The doctor had a peculiar feeling that he was sitting with a person he hardly knew anymore, someone like a distant colleague from an earlier time in life instead of the child who had been his own boy not so many days ago. They sat in silence for many minutes more, clutching their mugs of tea, watching the spectacle of Halloween darkly through the window. The children Jasper had grown up with skipped, ran, and laughed as they went from house to house.

“Aren’t you going to tell me why you ran off in the first place?” the doctor eventually asked. “And what else happened to you out there?”

“Death was everywhere,” Jasper said.

The doctor waited for the boy to elaborate, and was chilled when he didn’t.

SEVENTY-THREE

 

Later that evening, up on the third floor of the old town hall—a grand room that, in the 150-odd years of its existence, had hosted everything from political meetings to boxing matches to community theater extravaganzas—the annual Halloween levee, or ball, got under way. A heightened spirit of festivity filled the big room, with its beautiful coffered ceiling on which the signs of the zodiac had been painted long ago. Candles burned along the walls in a dozen sconces and on stands up on the small proscenium stage where the six members of the string band tuned their instruments, but the candles were outshone by the moon streaming though the tall arched windows. The news had crackled rapidly across town that the doctor’s son had returned to town unharmed, thanks to Brother Jobe’s rangers, but little else was known about his misadventure or about the fate of the hermit, Perry Talisker, who was thought by some to have abducted him.

Tables were laid with savories and confections, pumpkin and apple puddings, nut cakes, jam cakes, meringues and fondants. Felix Holyrood supplied ciders of several kinds, and Carl Schmidt brought a ten-gallon keg of his strong dark ale, and the men and women, fathers and mothers, of Union Grove came costumed as astronauts and scuba divers and hippies and football players and all types of characters who no longer existed, leaving their younger children at home in the keeping of their older children, who had returned from their rounds. The grown-ups ate and danced and laughed and flirted until the moon swung above the windows and hung at the zenith of its transit above the town.

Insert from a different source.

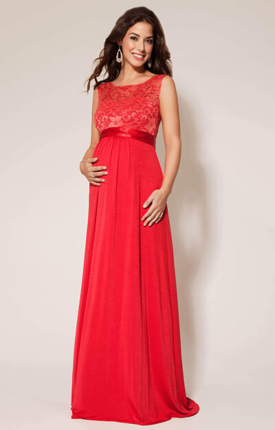 Be the lady in red who garners every glance at a gala occasion with the stunning new Sunset Red version of our ultimate glamour Valencia long maternity gown.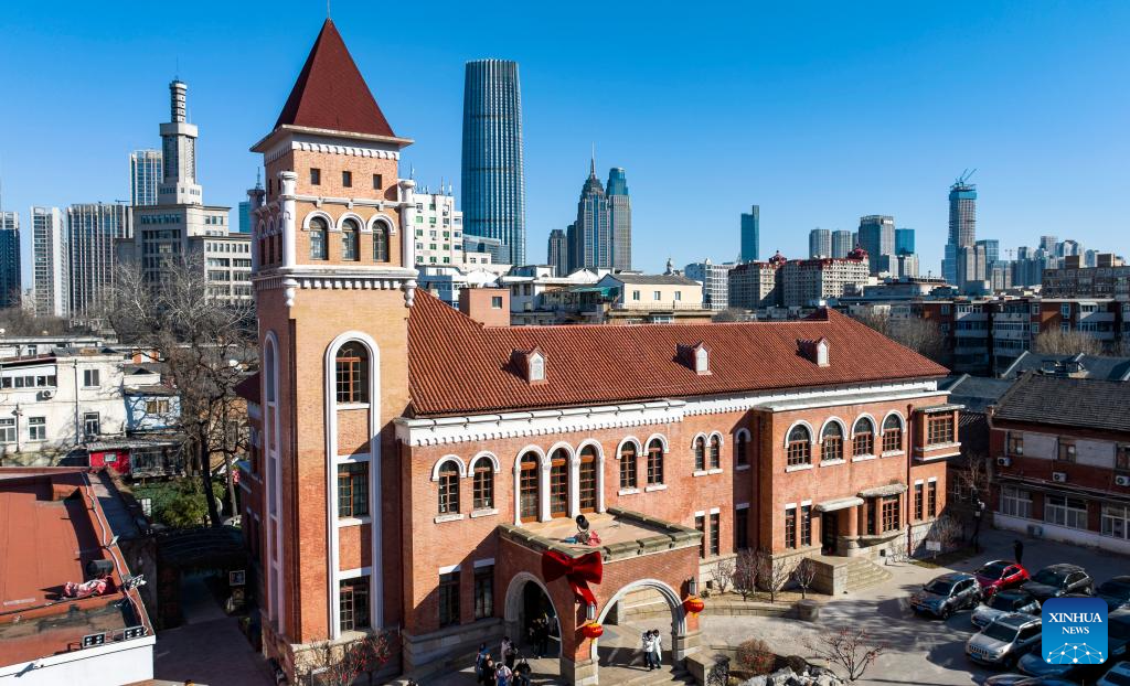 A drone photo shows a view of Zhangyuan in Heping District of Tianjin, north China, Jan. 10, 2026. Zhangyuan, or Zhang's Garden, reopened to the public after a 50-day renovation project. The mansion, built in 1915, was listed as a national key cultural relics protection site. (Xinhua/Zhao Zishuo)

Along about the middle of the evening, Stephen Bullock appeared in the old town hall, having ridden alone from the farm on one of his big Hanoverian geldings. He had enjoyed the contents of a silver flask filled with his own whiskey on the ride, and he wobbled slightly as he entered the festive scene. When the musicians went on a break, he navigated to the beverage table, where Robert Earle was refilling his glass with strong sparkling cider.

“You came a long way,” Robert observed.

“Beautiful night out there on the road. Full moon and all.”

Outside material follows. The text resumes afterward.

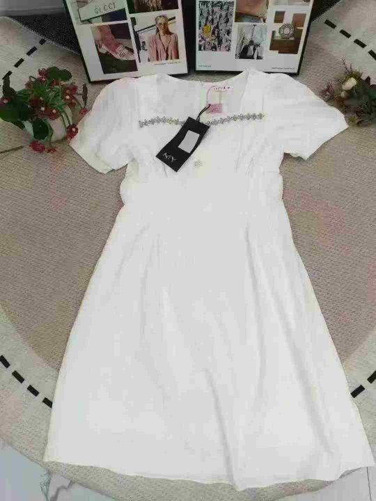 法式菱格镶钻方领高腰修身高级时尚连衣裙 数量112件 码数M--4XL 整款两个色 独立包装带吊牌 货品整洁质佳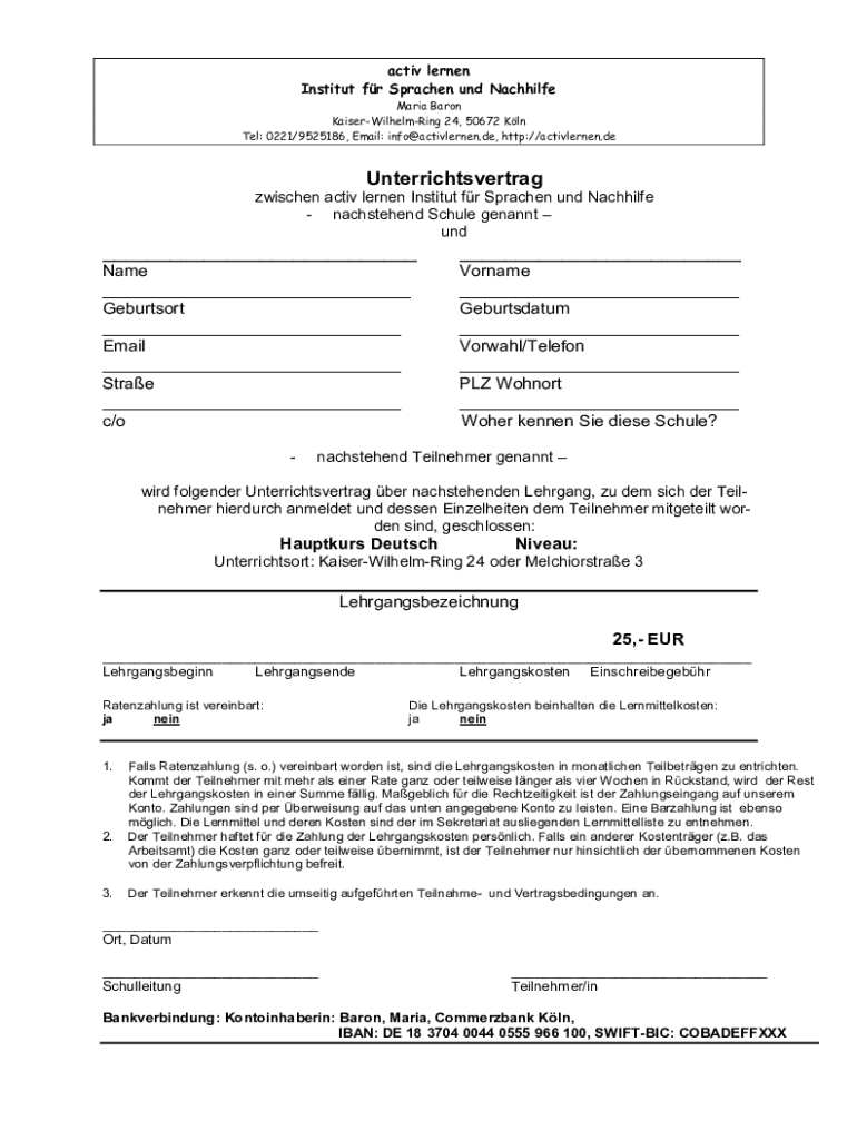 Tel: 0221/9525186, Email: info@activlernen.de, http://activlernen.deUnterrichtsvertrag

“Don’t your people put on their own levee?”

“Of course. I showed my face. But I think they’re more comfortable when I’m not around. If you know what I mean.”

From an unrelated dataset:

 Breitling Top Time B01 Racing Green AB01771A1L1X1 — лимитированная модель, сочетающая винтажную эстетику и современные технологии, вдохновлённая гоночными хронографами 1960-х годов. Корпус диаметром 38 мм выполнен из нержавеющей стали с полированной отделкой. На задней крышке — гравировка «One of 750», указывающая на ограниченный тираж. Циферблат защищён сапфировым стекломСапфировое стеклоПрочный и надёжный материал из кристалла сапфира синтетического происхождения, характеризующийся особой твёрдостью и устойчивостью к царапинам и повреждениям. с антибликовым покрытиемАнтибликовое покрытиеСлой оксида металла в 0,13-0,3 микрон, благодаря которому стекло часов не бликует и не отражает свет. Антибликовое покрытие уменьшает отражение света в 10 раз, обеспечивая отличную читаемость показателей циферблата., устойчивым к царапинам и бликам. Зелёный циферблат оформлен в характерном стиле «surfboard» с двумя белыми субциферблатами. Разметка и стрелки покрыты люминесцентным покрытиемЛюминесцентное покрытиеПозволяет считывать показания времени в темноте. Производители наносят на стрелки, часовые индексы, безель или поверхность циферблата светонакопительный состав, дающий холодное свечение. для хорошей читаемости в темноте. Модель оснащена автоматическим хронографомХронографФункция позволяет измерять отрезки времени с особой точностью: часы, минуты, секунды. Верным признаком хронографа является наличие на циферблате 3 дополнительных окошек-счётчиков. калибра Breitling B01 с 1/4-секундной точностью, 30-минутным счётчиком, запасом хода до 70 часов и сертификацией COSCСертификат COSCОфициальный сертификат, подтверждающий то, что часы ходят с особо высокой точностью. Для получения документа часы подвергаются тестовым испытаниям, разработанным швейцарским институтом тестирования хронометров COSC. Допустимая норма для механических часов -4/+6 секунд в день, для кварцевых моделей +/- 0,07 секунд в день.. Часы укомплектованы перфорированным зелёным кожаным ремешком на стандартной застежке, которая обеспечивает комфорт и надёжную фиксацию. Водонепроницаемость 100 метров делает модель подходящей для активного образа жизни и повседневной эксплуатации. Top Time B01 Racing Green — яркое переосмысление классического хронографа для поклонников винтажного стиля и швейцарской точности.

“I think I get it,” Robert said.

“Just so you know,” Bullock said, “I cut down those miserable bastards along River Road and buried them.”

“What made you change your mind?”

“I’m henpecked.”

“Well, we appreciate it here in town, whatever motivated you. I understand you ordered Jerry to dig up Shawn Watling’s body.”

“Indeed I did,” Bullock said. “It’s like the night of the living dead around here, isn’t it? I’ll be glad when Halloween is over.”

“Isn’t it a little late to start a proceeding over Shawn?”

“The mills of the law grind slowly, Robert. Why?”